Li C, Deng X, Shi Y, Sun D, Jiao Y. China Saf. Sci. J. 2022; 32(3): 90-97.

Vernacular Title

社区户内燃气泄漏动态预警模型

Copyright

(Copyright © 2022, China Occupational Safety and Health Association, Publisher Gai Xue bao)

DOI

10.16265/j.cnki.issn1003-3033.2022.03.012

PMID

unavailable

Abstract

In order to improve gas leakage warning performance for community safety, a dynamic early warning model for household gas leakage was proposed. Firstly, indoor gas data of each home in the community were collected by using wireless sensor network, and uploaded to the cloud by smart gateway. Secondly, inputs of random forest algorithm were optimized by utilizing fuzzy control algorithm to reduce interference of features with lower importance on the cloud platform, based on which a fuzzy-random forest model was established with optimized data as input of random forest algorithm and leakage grade as output. Then, a visual module was developed to present gas leakage grade of each home.

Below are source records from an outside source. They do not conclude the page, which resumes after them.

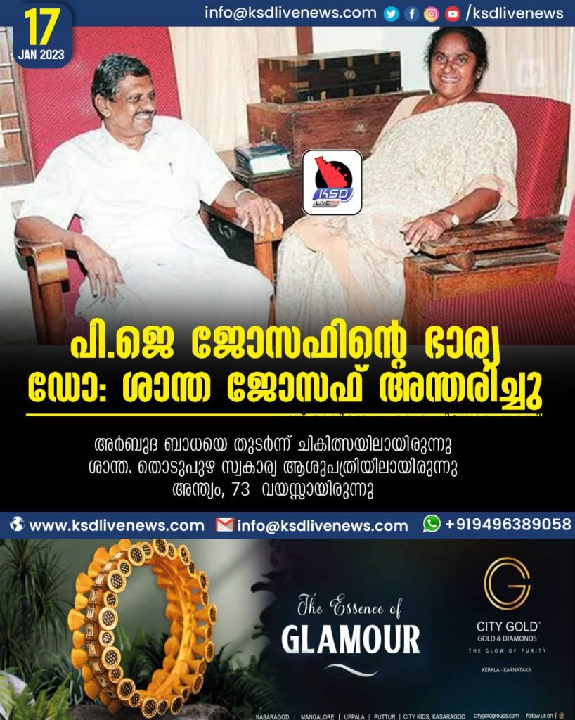 പി.ജെ ജോസഫിന്റെ ഭാര്യ ഡോ. ശാന്ത ജോസഫ് അന്തരിച്ചു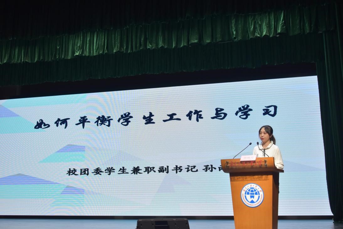 在优秀学生骨干榜样分享环节,广东省学生联合会执行主席张冉、校团委学生兼职副书记孙雨月和陈灏慷依次在会上分享了任职经验与心得。张冉同学以“新时代、新起点、新作为”为主题,分享了其在学生组织工作的故事,激励我们要讲好广外故事,在组织中有所爱、有所期待。孙雨月同学指出,学生骨干要平衡学生工作与学业,具备细心、耐心、责任心,以积极的态度处理工作与学业,鼓励大家做负责任、有作为的学生干部。陈灏慷同学表示,校团委的工作对其产生了深远的影响,带领其站在更高的视角思考和规划问题,同时也希望校团委的工作能激发学生骨干对自身的新认识。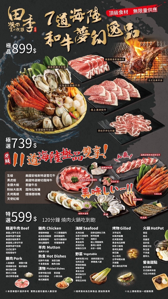 本文同步發表於:【桃園市 桃園區/桃園火車站】田季發爺燒肉-燒肉火鍋吃到飽,精緻肉品和豪華海鮮大口吃下超滿足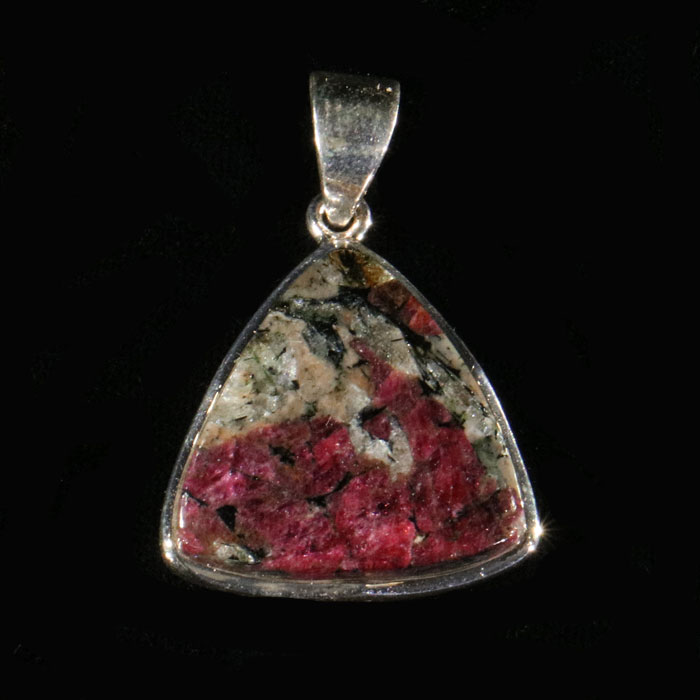 Sonnenstein mit intensivem rotgoldenem Schiller, in einer einfachen, schönen Silberfassung als kleiner Anhänger.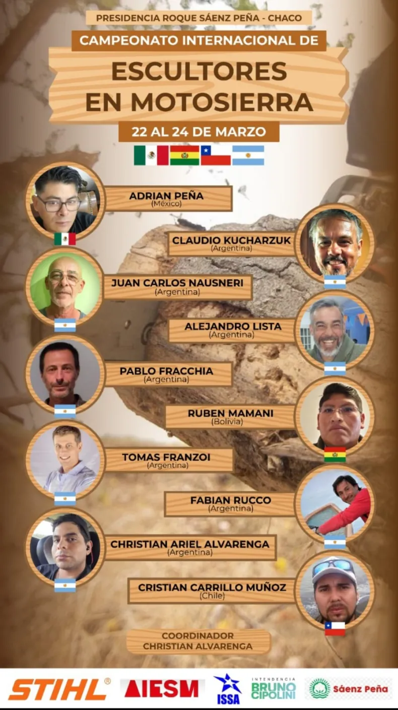 En esta oportunidad serán 10 los escultores que participarán del desafío con motosierras: Adrian Peña de México, Claudio Kucharzuk de Argentina; Juan Carlos Nauseri de Argentina; Alejandro Lista Argentina; Pablo Fracchia; Ruben Mamani de Bolivia; Tomas Franzoi de Argentina; Fabian Rucco de Argentina; Christian Ariel Alvarenga de Argentina y Cristian Cariilo Muñoz de Chile.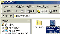 ■ 拡張子を表示した場合 実は、VBSファイルなのです。 LOVE-LETTER-FOR-YOU.TXT.VBS |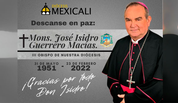 Fue durante la mañana del miércoles 23 de febrero de 2022 cuando la Diócesis de Mexicali confirmó la noticia del fallecimiento de José Isidro Guerrero Macías, que durante 25 años sirvió como Obispo de Mexicali.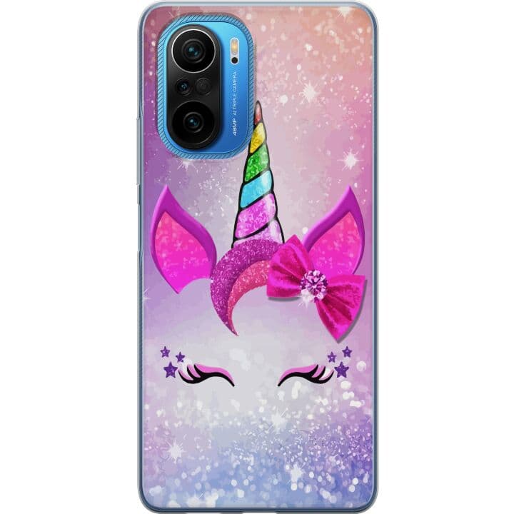 Kompatibelt Mobilskal till Xiaomi Poco F3 Minimalistiskt enhörningsansikte med regnbågshorn på rosa bakgrund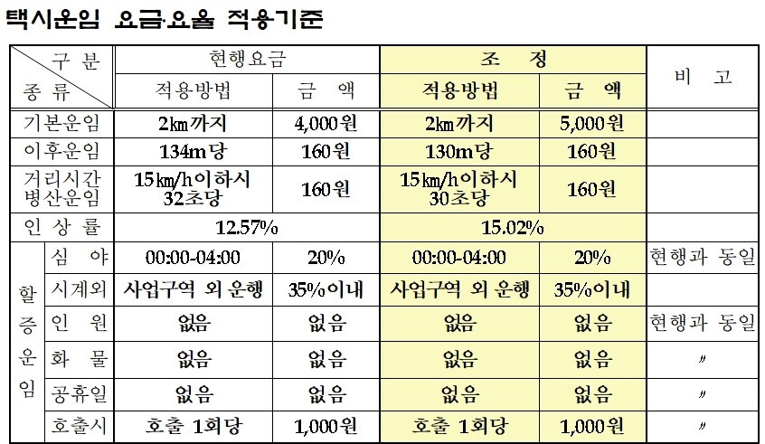 인상 요금 체계에 따르면 중형 택시 기준 기본요금 2km은 5000원으로 조정되며, 거리요금은 기존 134m당 160원에서 130m당 160원으로, 시간요금은(15km/h이하 주행 시) 32초당 160원에서 30초당 160원으로 조정된다.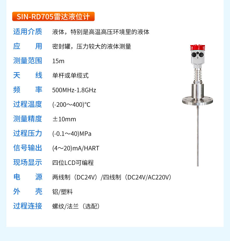 聯(lián)測儀表SIN-RD702導(dǎo)波雷達(dá)液位計發(fā)出的高頻微波脈沖沿著探測組件(鋼纜或鋼棒)傳播, 遇到被測介質(zhì),由于介電常數(shù)突變,引起反射,一部分脈沖能量被反射回來。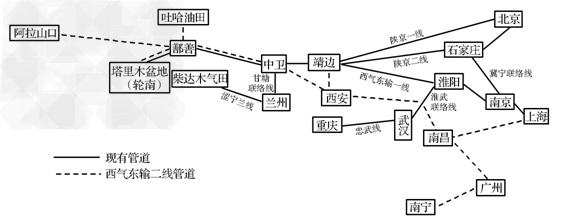 (1)“西气东输”主干管道西起轮南油气田,东到B表示的? 市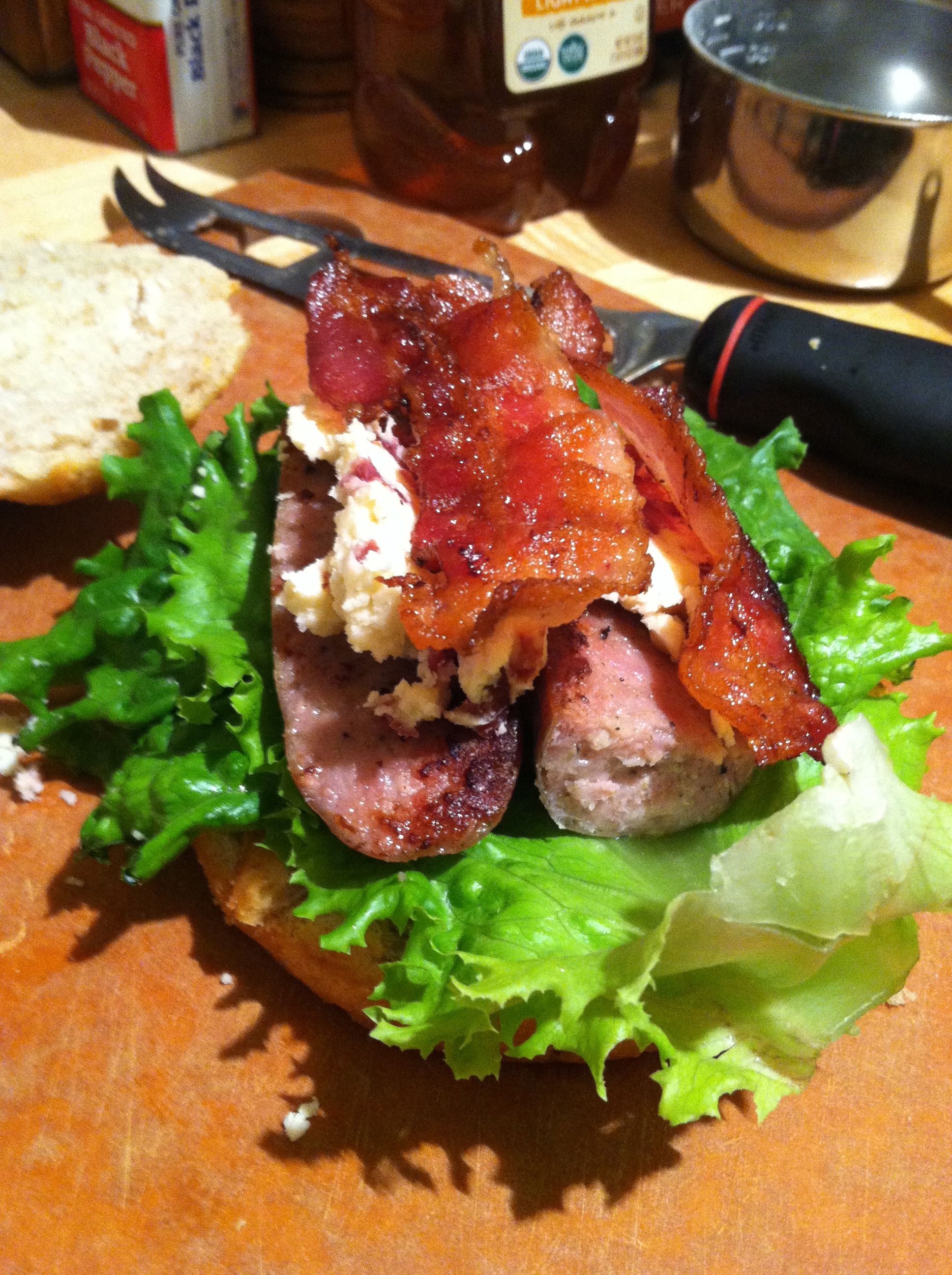 I cooked the bacon and browned the brats on separate halves of a two-burner griddle pan.

Finally, the model's effectiveness was verified through simulation test under lab conditions based on historical gas data collected form a certain community in Beijing. The results show that this model can effectively improve ability of online monitoring and dynamic early warning of gas leaks in the community. Compared with other algorithms, the fuzzy-random forest algorithm shows better performance in detecting early small leaks.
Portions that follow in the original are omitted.